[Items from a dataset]
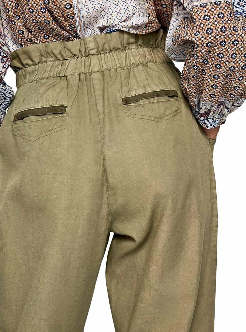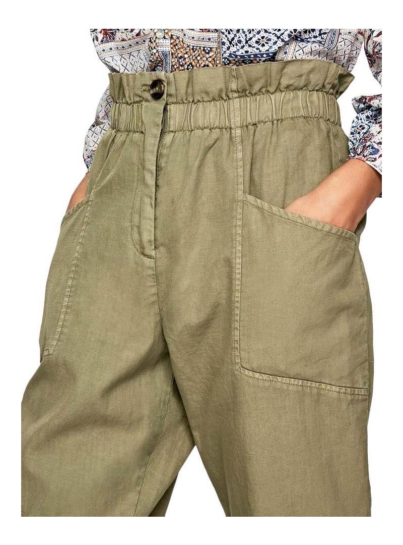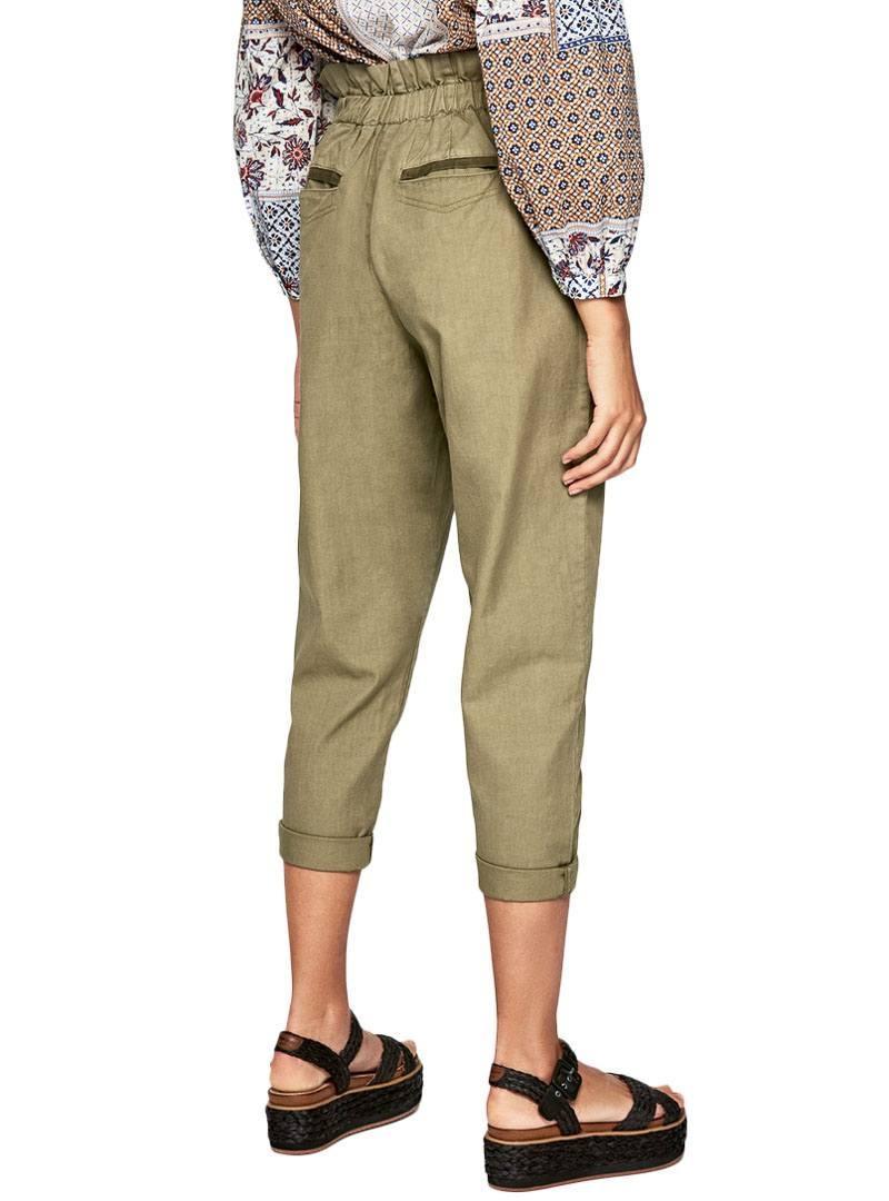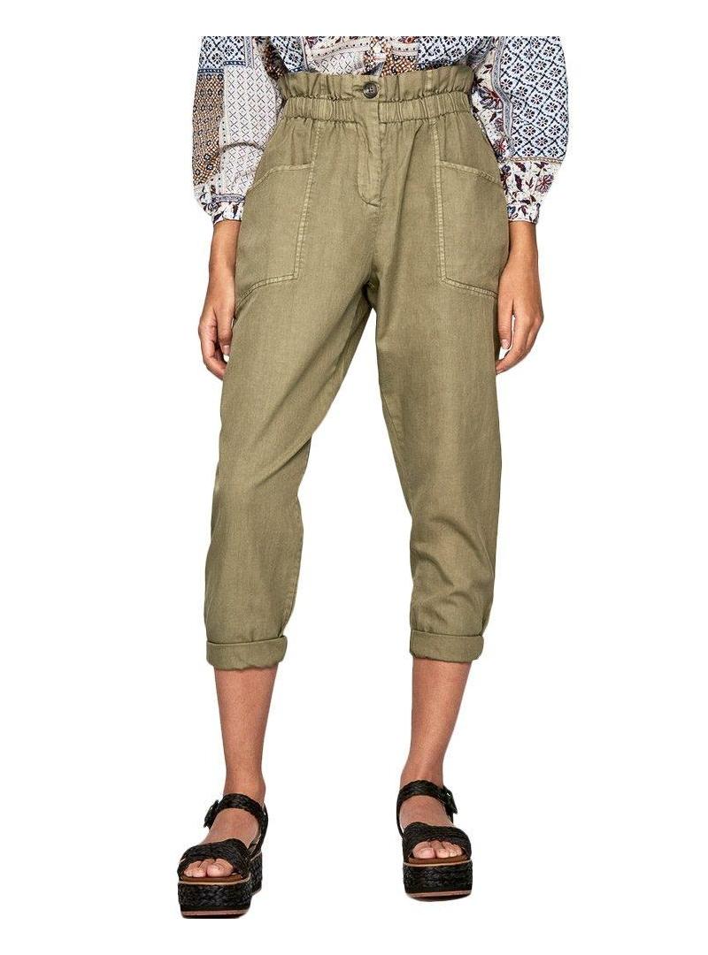 Calças Pepe Jeans. Modelo Lia. Cor verde. High rise. Cintura elástica. Dois bolsos laterais. Dois bolsos traseiros. Estilo pescador. Ajuste solto.
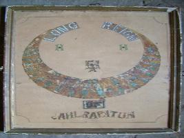 | Description / विवरण | It is a cresent moon like painting. Male is shown on crescent moon. LONG REIGN is written at top. JAHLRAPATUN is written at bottom lower portion of painting . |
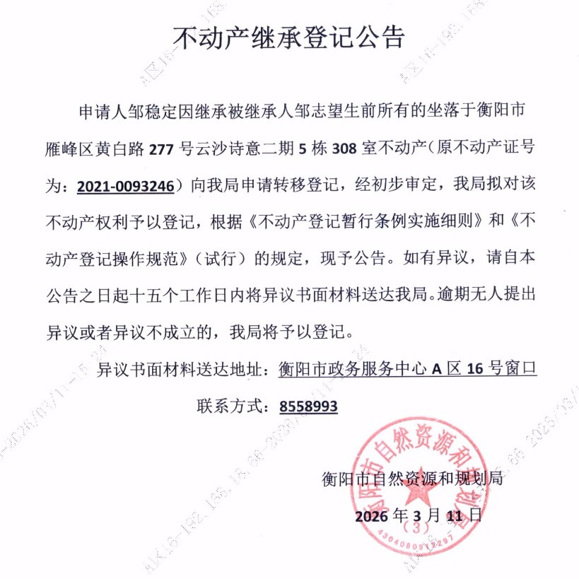 关于邹稳定继承邹志望不动产登记的公告
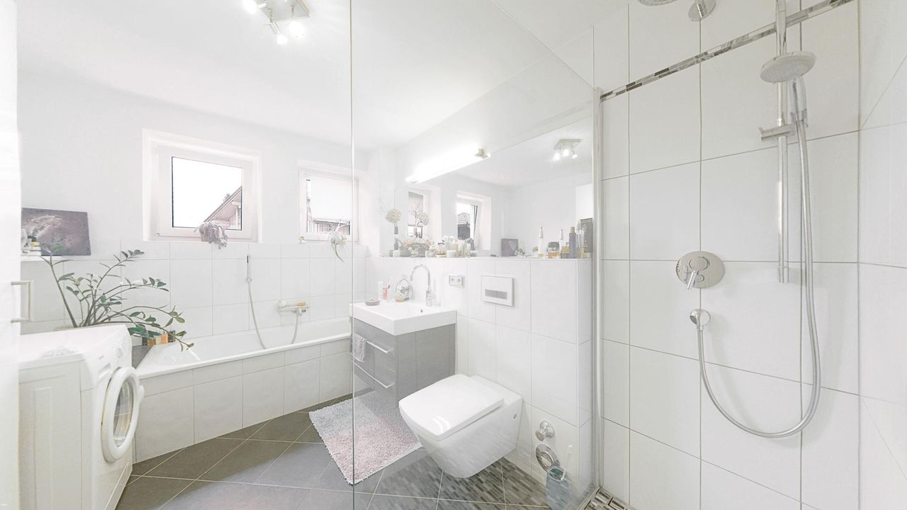 Das Badezimmer überzeugt mit einer stilvollen Gestaltung in zeitlosen Farbtönen. Ausgestattet ist es mit einem Waschtisch, einer großzügigen Dusche, WC und einem Waschmaschinenanschluss.
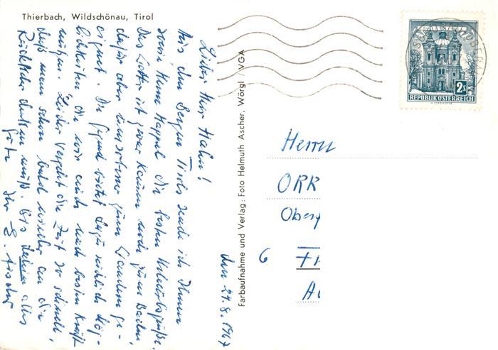 alte Postkarte Thierbach Wildschoenau Tirol AT Panorama Kirche postalisch gelaufen Erhaltung siehe scans [WerneD78]
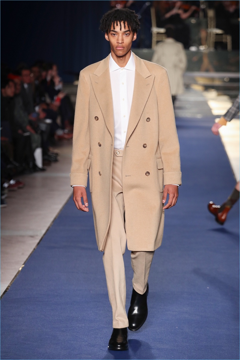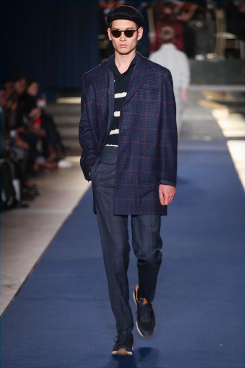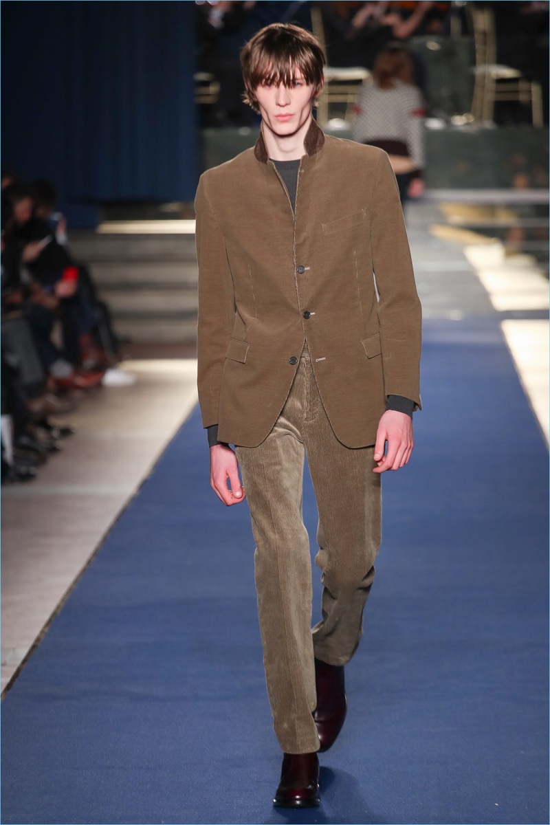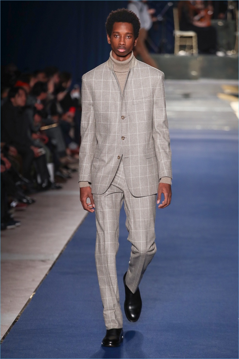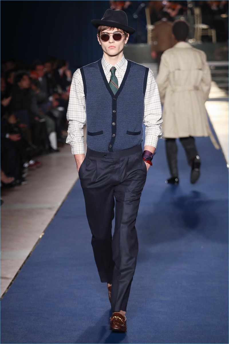 Founded in 1818, 2018 marks the 200 year anniversary of Brooks Brothers. Although the brand was established in New York City, Brooks Brothers decided to make a global impression by traveling to Florence, Italy. Unveiling its fall-winter 2018 collection, the label showed during Pitti Uomo. Known for its classic menswear, Brooks Brothers did not deviate from expectations. Models took to the catwalk in a parade of sartorial ensembles. Impeccably tailored suits were shown alongside a playful mix of smart separates. They included blouson jackets, v-neck sweaters, tailored shorts, patched knits, leather jackets, and pleated trousers. Appealing to a youthful spirit of exploration, boots and shorts made for an interesting pairing.
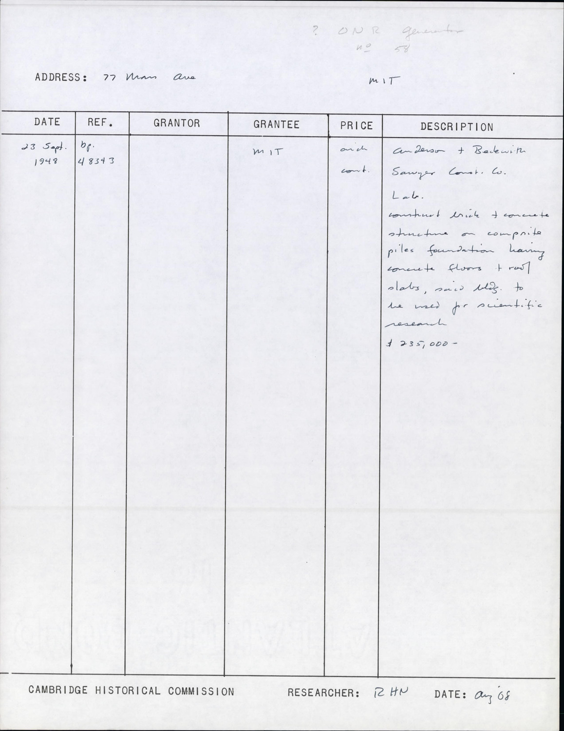 6 Vassar St - MIT Bldg 58 - Laboratory for Nuclear Science and Engineeting - Research Form
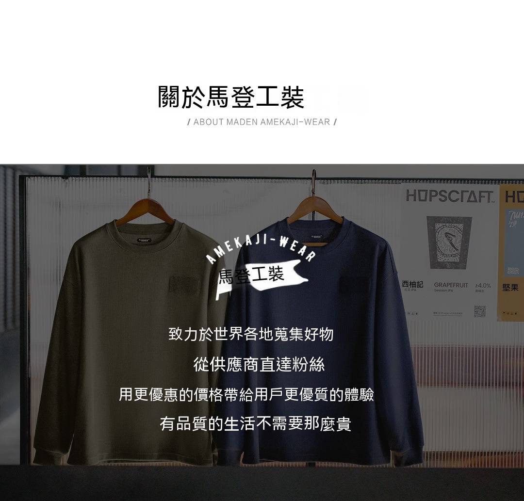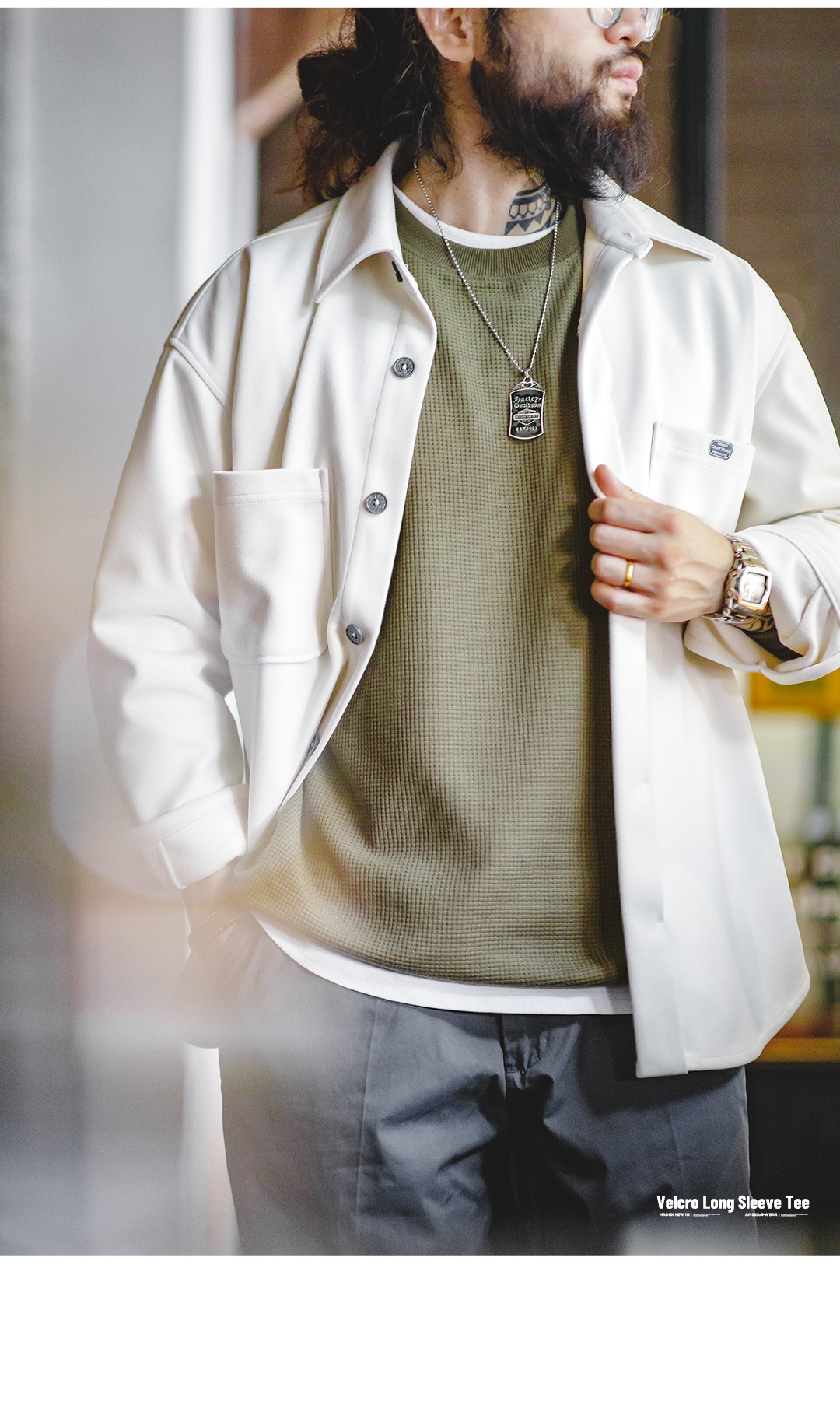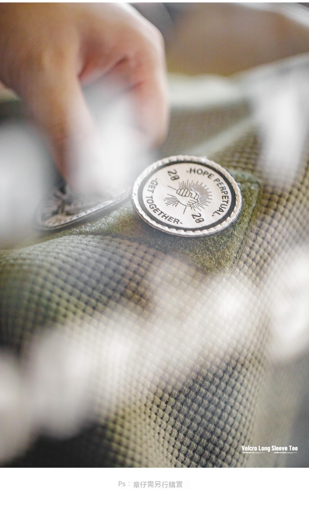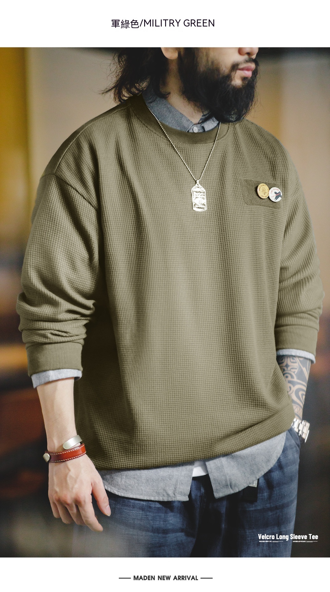 马登工装 美式休闲华夫格长袖T圆领魔术贴叠穿卫衣男秋

Work to be completed = A word-for-word copy of the entries above is what is needed, without any images.

Output for this task =
 Calças Pepe Jeans. Modelo Lia. Cor verde. High rise. Cintura elástica. Dois bolsos laterais. Dois bolsos traseiros. Estilo pescador. Ajuste solto.
 | Description / विवरण | It is a cresent moon like painting. Male is shown on crescent moon. LONG REIGN is written at top. JAHLRAPATUN is written at bottom lower portion of painting . |
 关于邹稳定继承邹志望不动产登记的公告
 Das Badezimmer überzeugt mit einer stilvollen Gestaltung in zeitlosen Farbtönen. Ausgestattet ist es mit einem Waschtisch, einer großzügigen Dusche, WC und einem Waschmaschinenanschluss.
 alte Postkarte Thierbach Wildschoenau Tirol AT Panorama Kirche postalisch gelaufen Erhaltung siehe scans [WerneD78]
 Founded in 1818, 2018 marks the 200 year anniversary of Brooks Brothers. Although the brand was established in New York City, Brooks Brothers decided to make a global impression by traveling to Florence, Italy. Unveiling its fall-winter 2018 collection, the label showed during Pitti Uomo. Known for its classic menswear, Brooks Brothers did not deviate from expectations. Models took to the catwalk in a parade of sartorial ensembles. Impeccably tailored suits were shown alongside a playful mix of smart separates. They included blouson jackets, v-neck sweaters, tailored shorts, patched knits, leather jackets, and pleated trousers. Appealing to a youthful spirit of exploration, boots and shorts made for an interesting pairing.
 6 Vassar St - MIT Bldg 58 - Laboratory for Nuclear Science and Engineeting - Research Form
 马登工装 美式休闲华夫格长袖T圆领魔术贴叠穿卫衣男秋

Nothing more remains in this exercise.